By using these equations all the variables w, \(\alpha \), and b can be determined using different approaches. Here, the optimization problem was chosen such that it is a well-behaved problem guaranteeing a globally optimal solution to the minimization. However, we face a difficulty when there is no margin between the two classes. This can happen, for example in Fig. 4.1, if a point from the positive class falls to the left of the decision boundary or equivalently a point from the negative class falls to the right of the decision boundary. Such points are called violators. This can be the case in most of the real-world problems.

To overcome this problem, a popularly used solution is to formulate it as a soft margin problem . This is achieved by weighing each of the violators using a weight C based on the extent of violation. If we do not want to permit any violator then \(C \rightarrow \infty \). This amounts to the soft margin formulation to converge to the hard margin formulation. On the other extreme, a value of \(C=0\) means every point can be a violator. However, this will not solve the problem in practice.

Typically, a positive finite nonzero value is used for C to accommodate some violators. The corresponding problem is

$$\begin{aligned} \min _{w} \frac{1}{2} ||w||^2 + C \sum _{i=1}^n \xi _i \end{aligned}$$

\(s.t. \; y_i(w^tx_i +b) \ge 1 -\xi _i.\) and \(\xi _i \ge 0\). It is seen that there is no change in the form of the variables. Only change is that in the hard margin formulation, \(\alpha _i \ge 0\). In the soft margin case, \(0 \le \alpha _i \le C\).

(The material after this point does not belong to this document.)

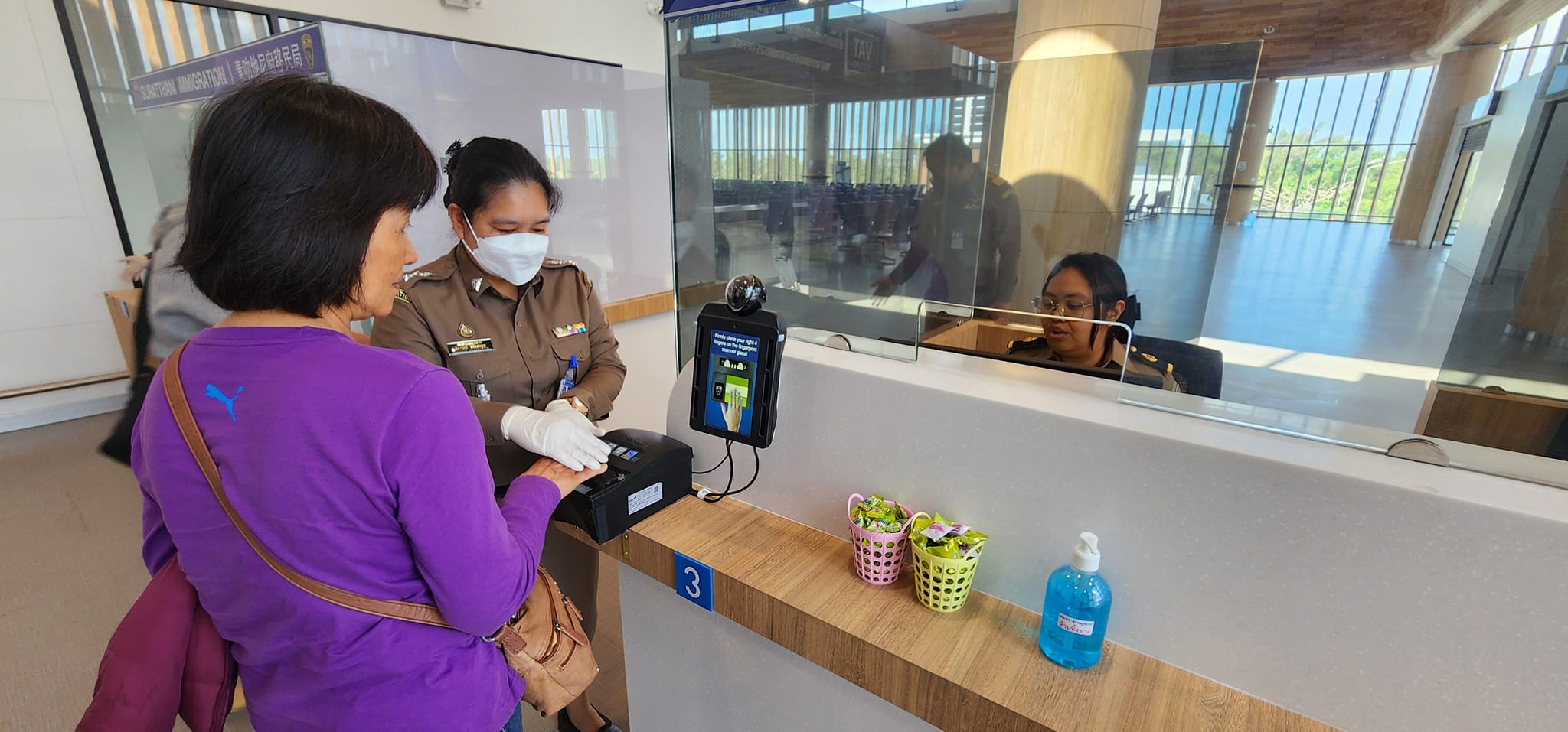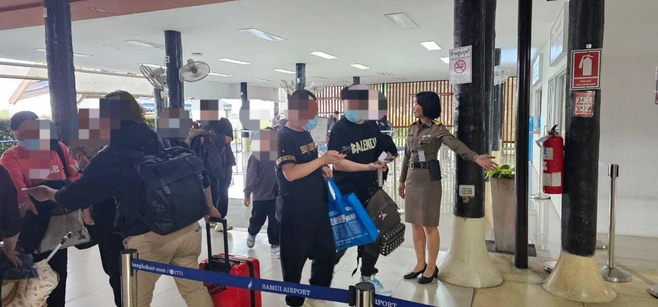เจ้าหน้าที่ ตม.จว.สุราษฎร์ธานี (ทอ.สมุย) ดูแลอำนวยความสะดวกหน้าช่องตรวจให้กับผู้โดยสารที่เดินทางเข้าราชอาณาจักร ผ่านทางสนามบินสมุย

An important practical consideration is the right value of C. This shifts the attention from getting the global optimal solution to getting the right value of C. So, tuning of hyperparameter C occupies the central stage in practice. Some professionally developed software packages have helped in realizing this practically.

4.3.3 Summary

In this chapter, we have seen the role of optimization in dimensionality reduction, clustering, and classification. We have considered only some of the algorithms. There are potentially a large variety of other machine learning platforms like neural networks. In a sense optimization based solutions exhibit diversity which is controlled using regularization to provide more central or less variance solutions.

Note the following about optimization. The set of constraints specify the feasible region. This may typically characterize potentially infinite solutions or diverse possible solutions. The criterion function being optimized will force the selection of one or more of these diverse points in the solution space increasing the centrality. A regularizer will shrink this collection of possible solutions further.

Consider, for example, a data set of the following four patterns drawn from 2 classes as shown in Table 4.2. Let patterns 1 and 2 be training points from class 1 and let the other 2, that is patterns 3 and 4 be from class 2.

Table 4.2 4-dimensional data from two classes

Let a classifier gave two w vectors given by

\(w^1\) = \((1,0,1,0,-2)\)

\(w^2\) = \((0.5,0.6,0.5,0.4,-2)\). Verify that both these weight vectors classify all the four patterns correctly. For example, using \(w^1\) on pattern 2 gives us

\(0.5+0+0.7+0 -2 <0\). Similarly \(w^2\) with pattern 4 gives us \(0.65+0.78+0.7+0.9 - 2>0\). Similarly one can verify other patterns.

Among these two weight vectors, if we require a sparse vector, then \(w^1\) will be selected and \(w^2\) will be left out.